Basic alignment statistics from a single-pass BAM scan.

File	Description
`{stem}.bam_stat.txt`	Formatted text report with total records, QC failures, duplicates, mapping quality distribution, splice reads, proper pairs, and more

The output format matches bam_stat.py exactly, including the same section headings and number formatting.
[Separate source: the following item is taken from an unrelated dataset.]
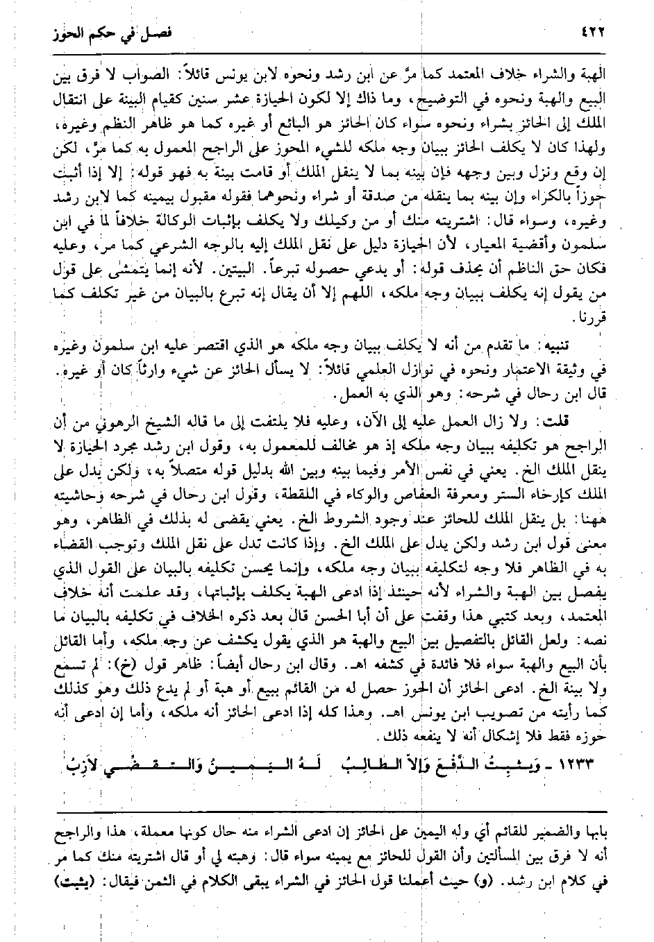 بَين الْهِبَة وَالشِّرَاء خلاف الْمُعْتَمد كَمَا مرَّ عَن ابْن رشد وَنَحْوه لِابْنِ يُونُس قَائِلا: الصَّوَاب لَا فرق بَين البيع وَالْهِبَة وَنَحْوه فِي التَّوْضِيح، وَمَا ذَاك إِلَّا لكَون الْحِيَازَة عشر سِنِين كقيام الْبَيِّنَة على انْتِقَال الْملك إِلَى الْحَائِز بشرَاء وَنَحْوه سَوَاء كَانَ الْحَائِز هُوَ البَائِع أَو غَيره كَمَا هُوَ ظَاهر النّظم وَغَيره، وَلِهَذَا كَانَ لَا يُكَلف الْحَائِز بِبَيَان وَجه ملكه للشَّيْء المحوز على الرَّاجِح الْمَعْمُول بِهِ كَمَا مرَّ، لَكِن إِن وَقع وَنزل وَبَين وَجهه فَإِن بَينه بِمَا لَا ينْقل الْملك أَو قَامَت بَيِّنَة بِهِ فَهُوَ قَوْله: إِلَّا إِذا أثبت حوزاً بالكراء وَإِن بَينه بِمَا يَنْقُلهُ من صَدَقَة أَو شِرَاء وَنَحْوهمَا فَقَوله مَقْبُول بِيَمِينِهِ كَمَا لِابْنِ رشد وَغَيره، وَسَوَاء قَالَ: اشْتَرَيْته مِنْك أَو من وكيلك وَلَا يُكَلف بِإِثْبَات الْوكَالَة خلافًا لما فِي ابْن سَلمُون وأقضية المعيار، لِأَن الْحِيَازَة دَلِيل على نقل الْملك إِلَيْهِ بِالْوَجْهِ الشَّرْعِيّ كَمَا مر، وَعَلِيهِ فَكَانَ حق النَّاظِم أَن يحذف قَوْله: أَو يَدعِي حُصُوله تَبَرعا. الْبَيْتَيْنِ. لِأَنَّهُ إِنَّمَا يتمشى على قَول من يَقُول إِنَّه يُكَلف بِبَيَان وَجه ملكه، اللَّهُمَّ إِلَّا أَن يُقَال إِنَّه تبرع بِالْبَيَانِ من غير تكلّف كَمَا قَررنَا. تَنْبِيه: مَا تقدم من أَنه لَا يُكَلف بِبَيَان وَجه ملكه هُوَ الَّذِي اقْتصر عَلَيْهِ ابْن سَلمُون وَغَيره فِي وَثِيقَة الاعتمار وَنَحْوه فِي نَوَازِل العلمي قَائِلا: لَا يسْأَل الْحَائِز عَن شَيْء وَارِثا كَانَ أَو غَيره. قَالَ ابْن رحال فِي شَرحه: وَهُوَ الَّذِي بِهِ الْعَمَل. قلت: وَلَا زَالَ الْعَمَل عَلَيْهِ إِلَى الْآن، وَعَلِيهِ فَلَا يلْتَفت إِلَى مَا قَالَه الشَّيْخ الرهوني من أَن الرَّاجِح هُوَ تَكْلِيفه بِبَيَان وَجه ملكه إِذْ هُوَ مُخَالف للمعمول بِهِ، وَقَول ابْن رشد مُجَرّد الْحِيَازَة لَا ينْقل الْملك الخ. يَعْنِي فِي نفس الْأَمر وَفِيمَا بَينه وَبَين الله بِدَلِيل قَوْله مُتَّصِلا بِهِ، وَلَكِن يدل على الْملك كإرخاء السّتْر وَمَعْرِفَة العفاص والوكاء فِي اللّقطَة، وَقَول ابْن رحال فِي شَرحه وحاشيته هَهُنَا: بل ينْقل الْملك للحائز عِنْد وجود الشُّرُوط الخ. يَعْنِي يقْضى لَهُ بذلك فِي الظَّاهِر، وَهُوَ معنى قَول ابْن رشد وَلَكِن يدل على الْملك الخ. وَإِذا كَانَت تدل على نقل الْملك وتوجب الْقَضَاء بِهِ فِي الظَّاهِر فَلَا وَجه لتكليفه بِبَيَان وَجه ملكه، وَإِنَّمَا يحسن تَكْلِيفه بِالْبَيَانِ على القَوْل الَّذِي يفصل بَين الْهِبَة وَالشِّرَاء لِأَنَّهُ حِينَئِذٍ إِذا ادّعى الْهِبَة يُكَلف بإثباتها، وَقد علمت أَنه خلاف الْمُعْتَمد، وَبعد كتبي هَذَا وقفت على أَن أَبَا الْحسن قَالَ بعد ذكره الْخلاف فِي تَكْلِيفه بِالْبَيَانِ مَا نَصه: وَلَعَلَّ الْقَائِل بالتفصيل بَين البيع وَالْهِبَة هُوَ الَّذِي يَقُول يكْشف عَن وَجه ملكه، وَأما الْقَائِل بِأَن البيع وَالْهِبَة سَوَاء فَلَا فَائِدَة فِي كشفه اه. وَقَالَ ابْن رحال أَيْضا: ظَاهر قَول (خَ) : لم تسمع وَلَا بَيِّنَة الخ. ادّعى الْحَائِز أَن الْحَوْز حصل لَهُ من الْقَائِم بِبيع أَو هبة أَو لم يدع ذَلِك وَهُوَ كَذَلِك كَمَا رَأَيْته من تصويب ابْن يُونُس اه. وَهَذَا كُله إِذا ادّعى الْحَائِز أَنه ملكه، وَأما إِن ادّعى أَنه حوزه فَقَط فَلَا إِشْكَال أَنه لَا يَنْفَعهُ ذَلِك. وَيثبِتُ الدَّفْعَ وَإلاّ الطالِبُ لَهُ اليَمينُ وَالتقضِّي لاَزِبُ

Key metrics include:

Total records, QC-failed, duplicates, non-primary, unmapped
Unique and multi-mapped read counts at the configured MAPQ cutoff
Read 1 / Read 2 counts, forward/reverse strand counts
Splice / non-splice read counts
Proper pair and paired-on-different-chromosome counts
MAPQ distribution histogram

infer_experiment

Library strandedness inference by sampling reads overlapping gene models.

File	Description
`{stem}.infer_experiment.txt`	Strandedness fractions: failed-to-determine, and the two strand protocols

The output reports the fraction of reads consistent with each strand protocol:

Fraction failed to determine — reads that could not be assigned to either protocol
Fraction “1++,1—,2+-,2-+” (forward stranded) — reads consistent with the same-strand protocol
Fraction “1+-,1-+,2++,2—” (reverse stranded) — reads consistent with the opposite-strand protocol

For paired-end data, the labels are PairEnd with 1++,1--,2+-,2-+ and 1+-,1-+,2++,2--. For single-end: SingleEnd with ++,-- and +-,-+.

Interpreting results:

Both fractions near 50% = unstranded library
First fraction near 100% = forward stranded (e.g., Ligation protocol)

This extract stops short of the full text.